O ex-diplomata do bloco comunista e sua mulher concordaram em ser espiões da CIA quando tentavam desertar para os Estados Unidos.

A agência teria prometido um salário anual de US$ 27 mil, mas se recusou a continuar a pagar depois que o homem perdeu o seu emprego em 1997.

Advogados do governo americano insistem que espiões não podem esperar uma proteção da lei e disseram que a acusação não poderá ser levada adiante.

Guerra Fria

O casal, que foi identificado apenas como John e Jane Doe, diz que a CIA prometeu segurança financeira e pessoal quando o serviço deles de espionagem terminasse.

John começou a trabalhar em um banco, e a CIA parou de pagar salário quando seus ganhos mensais chegaram a US$ 27 mil.

Mas em 1997 John perdeu o emprego depois da fusão da empresa em que trabalhava com outra companhia, e a CIA se recusou a voltar a pagá-lo.

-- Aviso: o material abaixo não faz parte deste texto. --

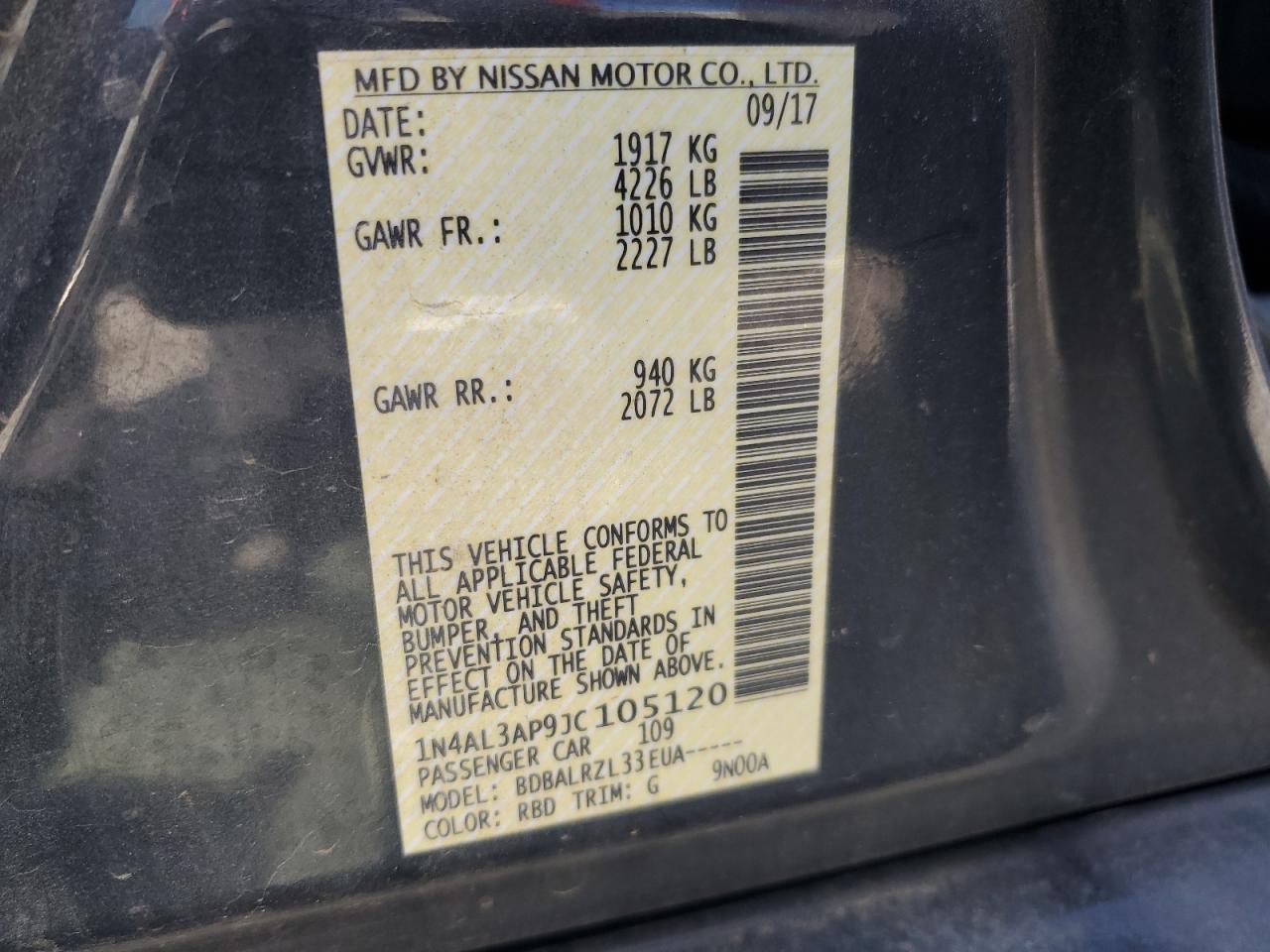 Колір ЧорнийЦиліндри 4VIN 1N4AL3AP9JC105120Стан Заводиться та їде (перевірено)Ушкодження Передня або задня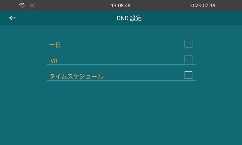 呼出し音を鳴らないようにする方法 【詳細】→【設定】をタッチします。 詳細→設定.bmp アイコンの【DND】をタッチして、設定をオンにしますと、呼出し音が鳴りません。 DND.bmp DND設定.bmp 公開日時 : 2020/06/16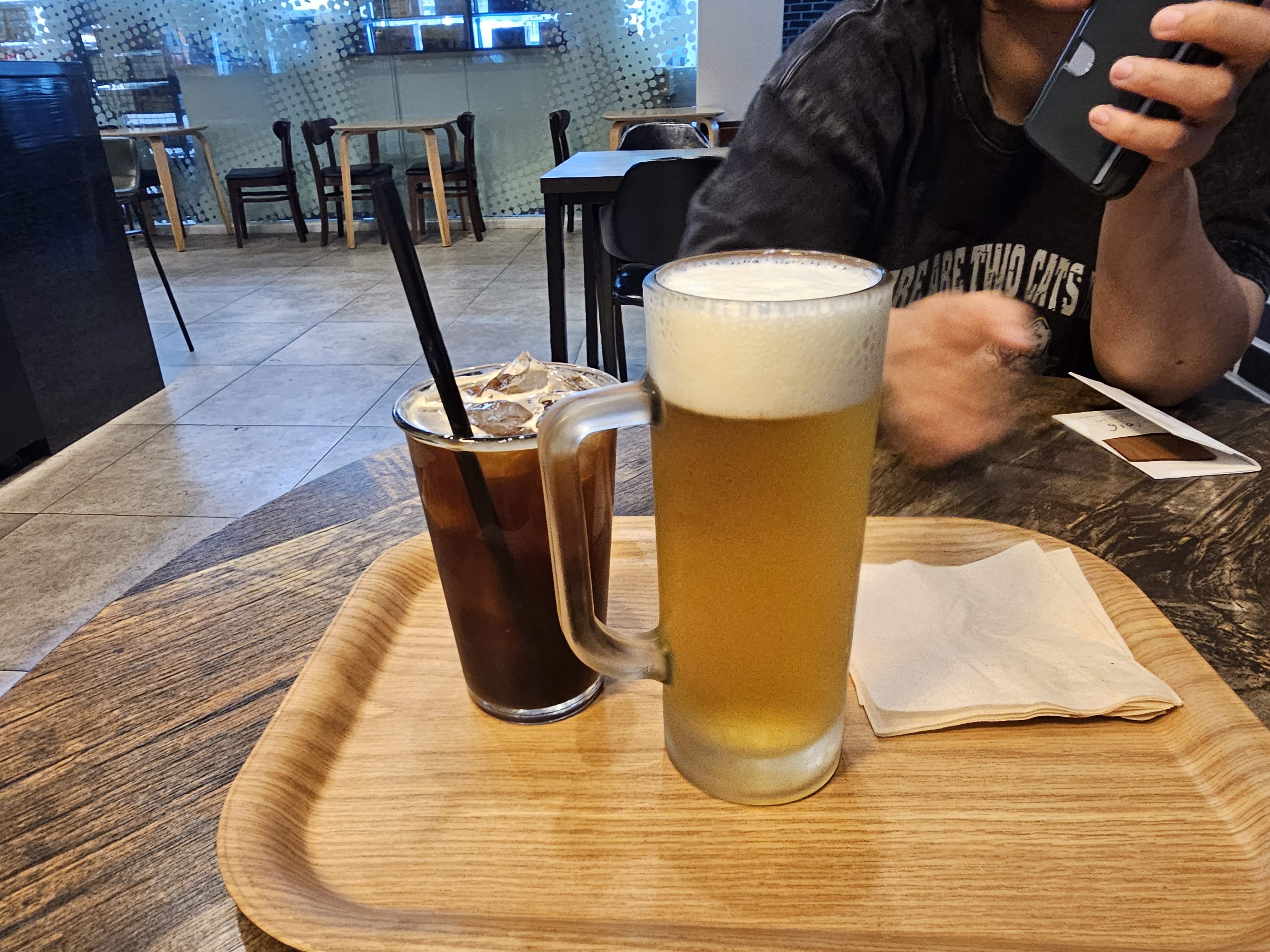 맥주와 커피, 아이스티 등 여러가지 고를 수 있었고, 저녁이었지만 안전운전을 위해 커피를 마시며 피로를 풀어줬어요

O casal levou o caso à Suprema Corte, onde quer desafiar uma lei de 1875 que automaticamente barra ações como essa de espionagem.

A lei foi colocada em prática depois que o presidente Abraham Lincoln prometeu pagar um homem chamado William Lloyd por espionar tropas dos aliados durante a Guerra Civil Americana.

Pela lei de 1875, a Suprema Corte quis evitar que as cortes federais americanas tivessem de julgar casos sobre supostos contratos de espionagem, alegando questões de segurança nacional.

Retaliação

"Há algo inerente em relações de espionagem que você entende que não terá proteção da lei", disse o promotor Paul Clement à Suprema Corte.

Para Clement, a relação de espionagem é "um contrato que a lei não reconhece".

"O caso não é sobre proteção dos segredos de estado, mas sobre os limites do poder executivo", afirmou David Burman, representante dos ex-espiões.

Segundo o casal, o caso pode ser julgado sem revelar segredos de estado.

Burman alega que o casal foi "pressionado" para fazer espionagem e acabou enfrentando uma vida "com riscos de retaliação, incluindo assassinato".

"O executivo diz que as cortes são institucionalmente incapazes de lidar com casos que incluem questões de segurança nacional", escreveu o casal no processo. "A história demonstra o contrário."

A decisão da legalidade do julgamento não deve sair antes de junho.